Extracted entries:

┌──

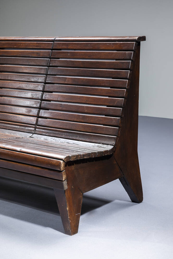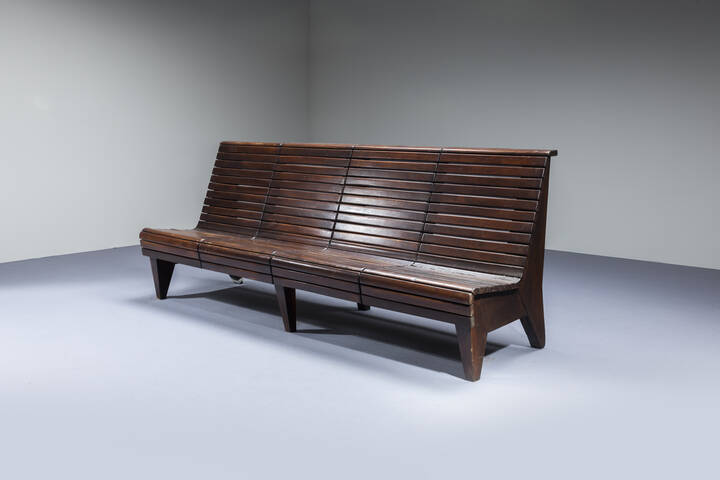 Grande panca con struttura listellare in legno. Anni '40 cm 90x220x72
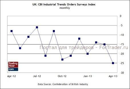 Руководители в производственном секторе не способствуют развитию оптимизма на рынке. Если британская экономика действительно восстанавливается, как свидетельствуют некоторые статистические отчеты, то по уровню настроений в промышленном секторе этого не скажешь. В апреле этот индекс настроений резко ухудшился, вызвав опасения, что пока питать надежды на экономический рост в Великобритании все еще преждевременно. Главным аргументом здесь является то, что продолжительное восстановление экономики должно включать в себя восстановление производственного сектора.
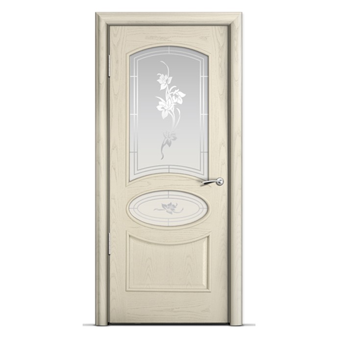 Двери межкомнатные Milyana Caprica Рим Ясень Жемчуг 800х2000 мм изготавливаются по традиционной итальянской технологии. Полотна и коробки изготовлены по типу «сендвича» из клеенного массива сосны, облицованного МДФ и натуральным шпоном. Филенчатая часть изготовлена из листового МДФ. Такая технология полностью исключает возможность образования перекосов, обеспечивая прочную конструкцию двери. Стекло: двухстороннее матированное, с художественным рисунком, декорировано фьюзингом.
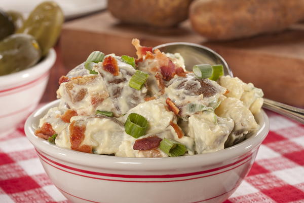 Our viewers are always writing in and asking for new ways to serve potato salad. Well, we got this recipe for Honey Mustard Potato Salad from Idaho and we think it's one of our favorite change-of-pace potato salad recipes. The bacon and honey mustard blend really add zing and flavor!
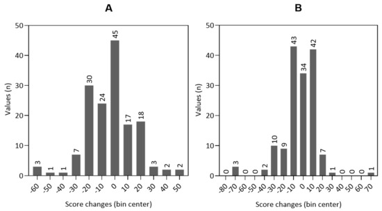 The minor changes in scores, that can be considered clinically meaningful for patients, are called minimal important differences (MIDs). For the EORTC QLQ-C30 questionnaire, the MIDs for the global HRQOL and its subscales were evaluated in different studies [51,52,53]. As an approximation, values between five and ten can be assumed small patient-relevant changes. Values between 10 and 20 indicate a moderate difference, and values above 20 indicate a significant difference [54,55]. Therefore, it is possible to consider that all patients distributed to bin centers ±10 or higher experienced patient-relevant changes in their HRQOL (see Figure 4).
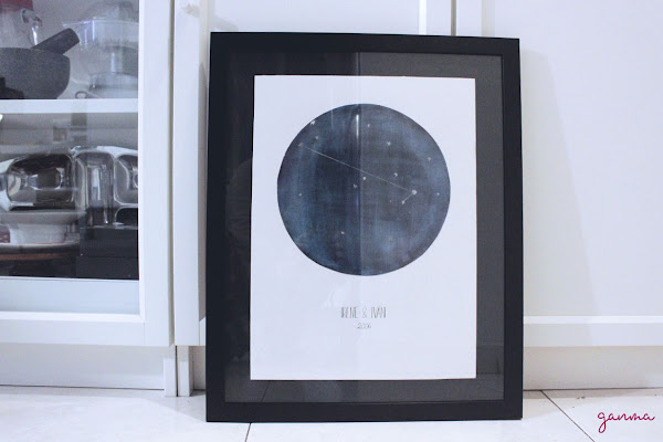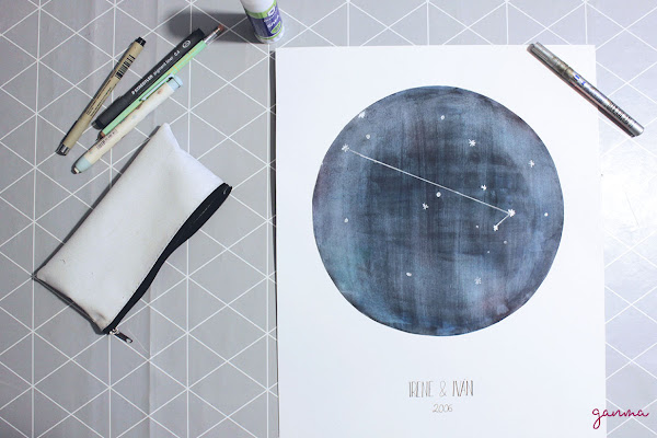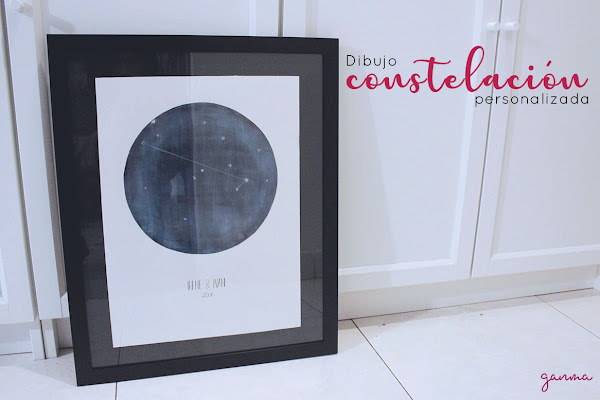 Para la constelación he tomado de referencia un mapa de España, y con rotulador plateado he marcado con estrellas las ciudades que hemos visitado, donde hemos vivido, etc éstas últimas las he marcado mas grandes y unido con líneas creando una constelación.
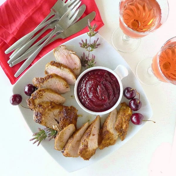 | Tangy cherry ketchup is a perfect accompaniment to quick-cooking pork tenderloin. Add a cherry-inflected Garnacha rosado wine from Navarra for a lovely summer menu. |
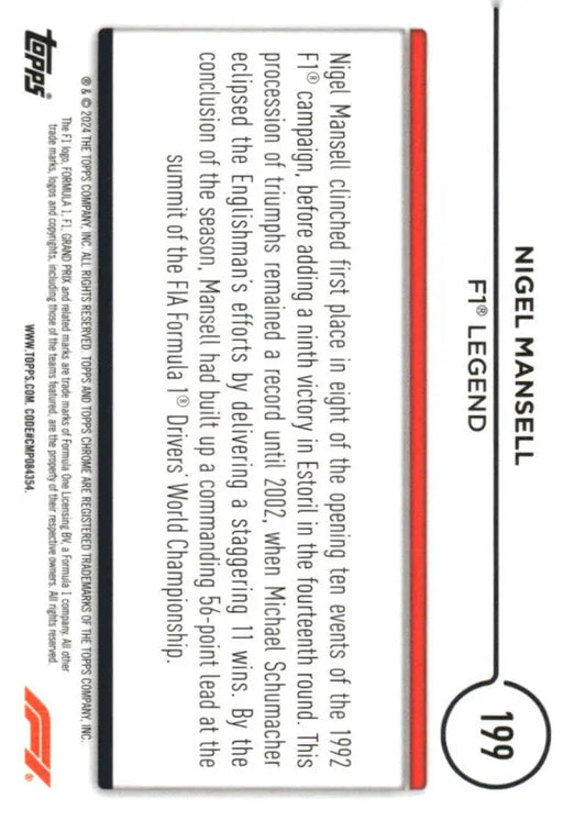 2024 Topps Chrome Formula 1 #199 Nigel Mansell NM-MT Legend Racing Card
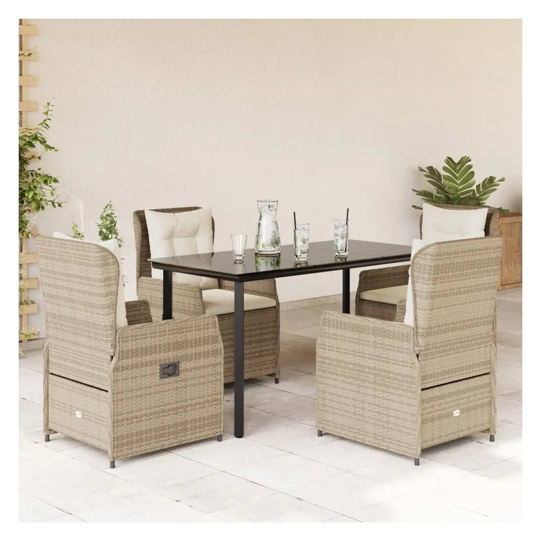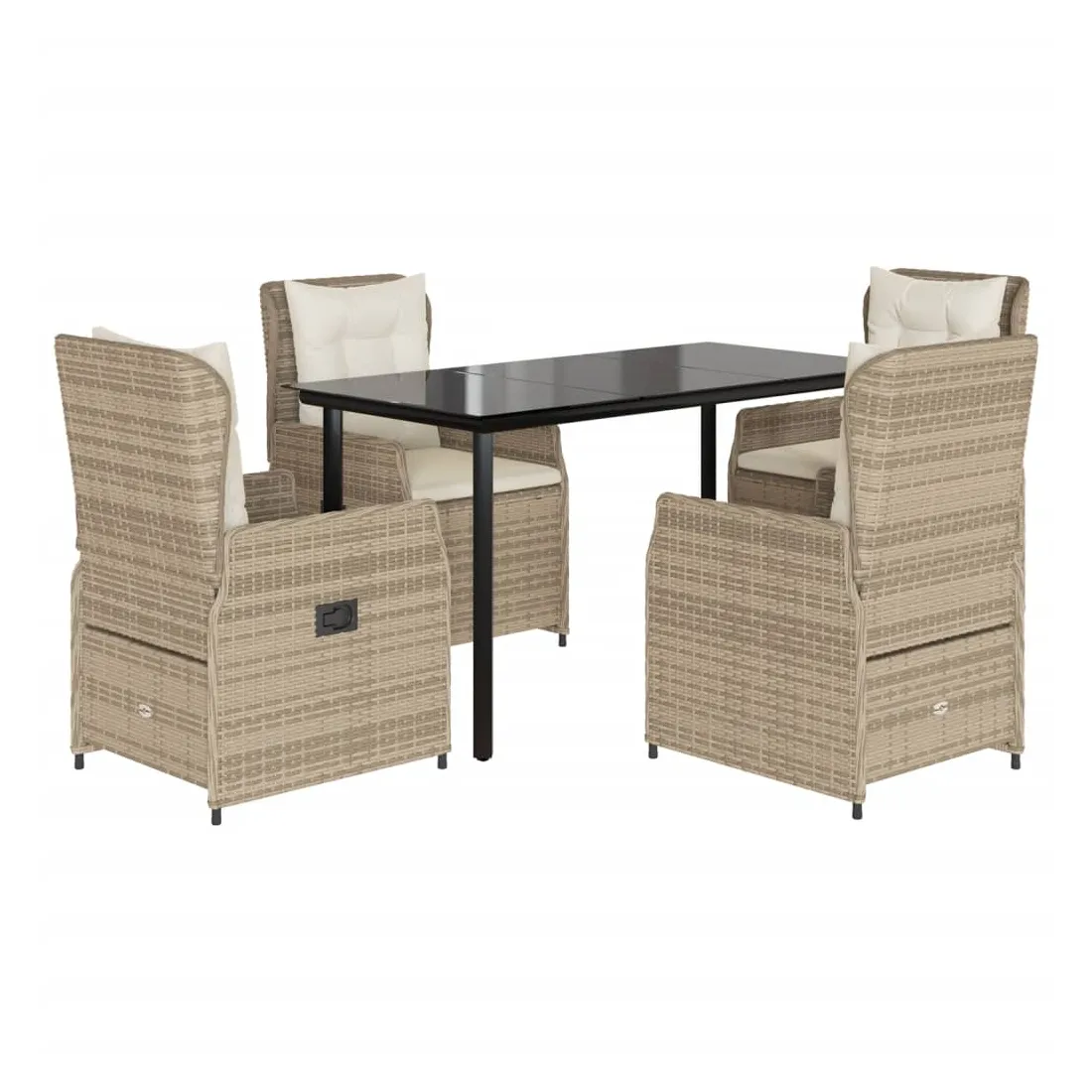 Ensemble à manger de jardin avec coussins 5pcs Beige poly rotin
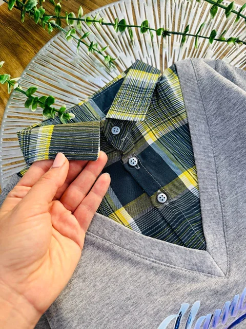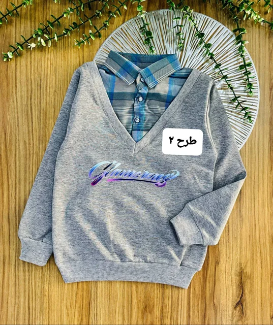بلوز پسرانه یقه مردانه پارچه کشی با کیفیت چاپ قوی و بادوام ۳دکمه
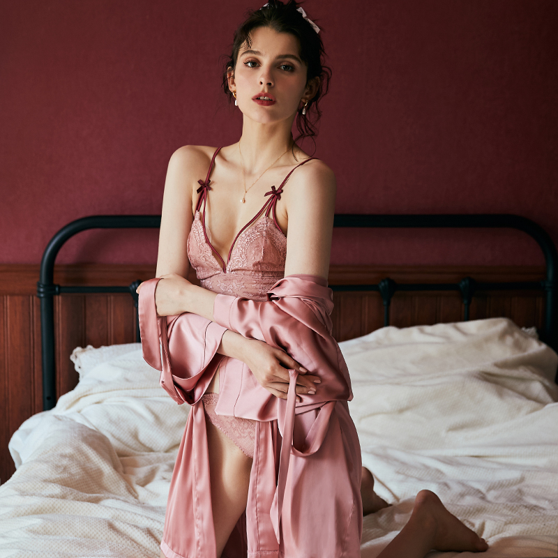 Japanese-style nightgown women's thin summer ice silk sexy pajamas Show tease bathrobe Bride morning robe Wedding Bridesmaid wedding

└──

Exercise:
Starting with the line that holds "Ensemble à manger", print each line through the last one of the data exactly as written, but do not include the pictures.

Solution for this task:
 Ensemble à manger de jardin avec coussins 5pcs Beige poly rotin
بلوز پسرانه یقه مردانه پارچه کشی با کیفیت چاپ قوی و بادوام ۳دکمه
 Japanese-style nightgown women's thin summer ice silk sexy pajamas Show tease bathrobe Bride morning robe Wedding Bridesmaid wedding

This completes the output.